Discussion in 'Journalism topics only' started by blog415, Jan 4, 2012.

  1. Boom_70

    Boom_70 Well-Known Member

    Next week Holly will be shoving Les Miles out of the way to
    speak with Nick Saban.
     
  2. playthrough

    playthrough Moderator Staff Member

    Several other networks are aggressive with YouTube monitoring. I'll call out ESPN for a million things but not for protecting their videos.
     
  3. LongTimeListener

    LongTimeListener Well-Known Member

    Right. And if they protect all videos as a matter of policy, I'm with them. (The NFL is especially vigilant about this, and NBC of course is vigilant because of Hulu.) My question was whether this is really ESPN's corporate policy, or if they are generally OK with their videos staying up there but used "rights" as an excuse this time because they felt the video made them look bad.
     
  4. playthrough

    playthrough Moderator Staff Member

    Type "Berman rant" into youtube, there's plenty of stuff that doesn't make ESPN look too good for continuing to employ that boor. I guess they could copyright that off, but haven't.
     
  5. slappy4428

    slappy4428 Active Member

    Bullshit.
    You say something first. You don't tuck your shoulder and go.
     
  6. hondo

    hondo Well-Known Member

    I've covered three BCS national championship games and in each case got all the quotes I needed from players on both teams on the field within five minutes of the final gun. With my deadlines I didn't give a shit about a 10-minute cooling off and neither did most of the other print hacks. And until they had the stage set up for the trophy presentation, no one stopped us.
     
  7. Den1983

    Den1983 Active Member

    I can't believe this has gone four pages.

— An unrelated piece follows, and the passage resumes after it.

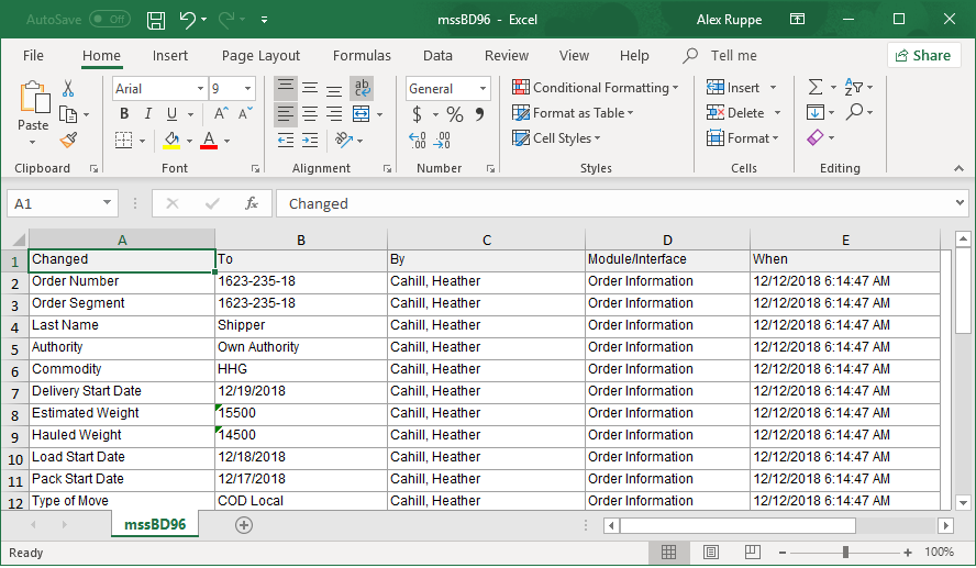Once you select either Excel or HTMLoption, the application automatically opens the file for viewing. The following is an example of data exported from the Order History screen utilizing the Excel option. This information can be reformatted, saved to a different file name, printed, etc.
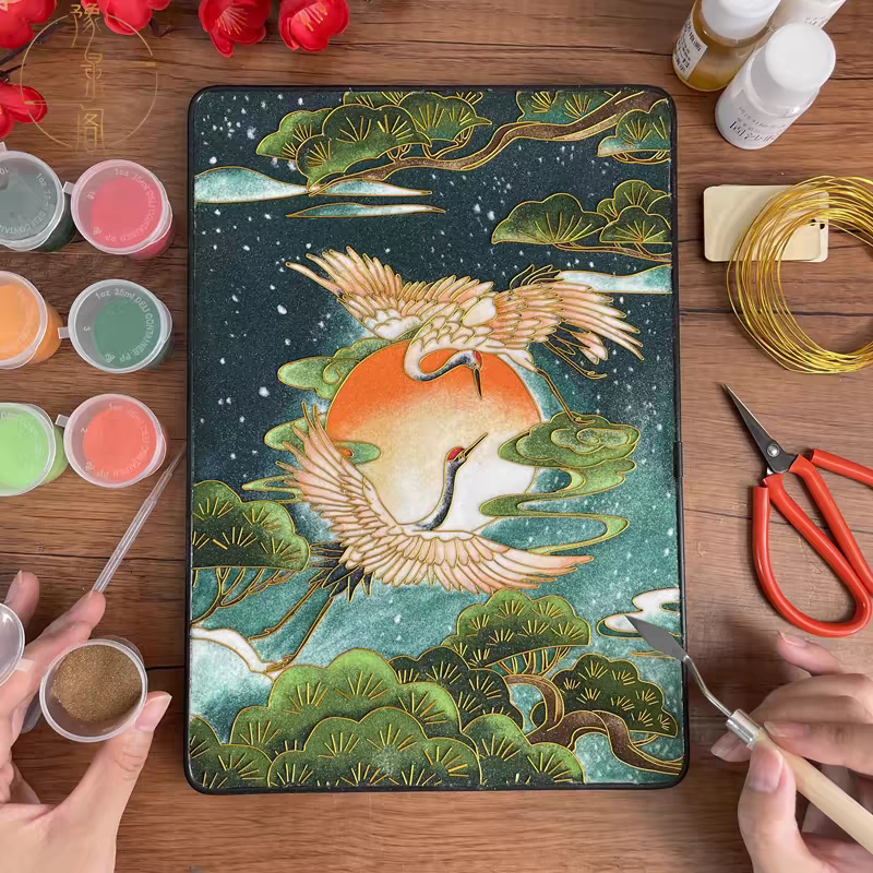 景泰蓝手工掐丝珐琅画体验是中国传统艺术的沐浴宝。它将精致的工艺与文化传承以及融入到各种幅值作品中,让您享受独特的中国风乐趣。此DIY材料包专为那些热爱艺术的人,尤其是包含传统手工工艺的手工设计了您需要的所有材料的详细制作指南。

    It's not an issue at all. Not even a shove. No real physical contact. I don't see what the big deal is, and I'm sure 98 percent of people will agree.
     
  8. Stitch

    Stitch Active Member

    98 percent of people are blind if they didn't see a push or shove in the clip.
     
  9. buckweaver

    buckweaver Active Member

    ESPN has many lawyers, and good lawyers. It'd be foolish for ESPN NOT to be vigilant about these copyright violations. This stuff is easy for them to police.
     
  10. TigerVols

    TigerVols Well-Known Member

    Looks to me like Holly shoved her and apologized while she was doing it. No harm, no foul.
     
  11. Watcher

    Watcher New Member

    It's hardly the first example of this. I can't remember the exact game but Michele Tafoya once walked up to the star who was in the middle of talking to someone else, grabbed him, spun him around and started the interview. It was explained at the time that national TV ALWAYS gets first crack and that she had the right to break in on any other interview. I'm not sure why it is so vital to go live right then as opposed to waiting 15 seconds since they will throw it back to the booth for 5 minutes of the announcers chattering after that.
     
  12. Piotr Rasputin

    Piotr Rasputin New Member

    YouTube has always bent quickly when asked to take a video down. This has nothing to do with some nebulous idea of the "ESTABLISHMENT!!!!!!" It has to do with YouTube not wanting to get sued.

    This.

    Media Relations people should know better than anyone else who has the rights to get the first interview.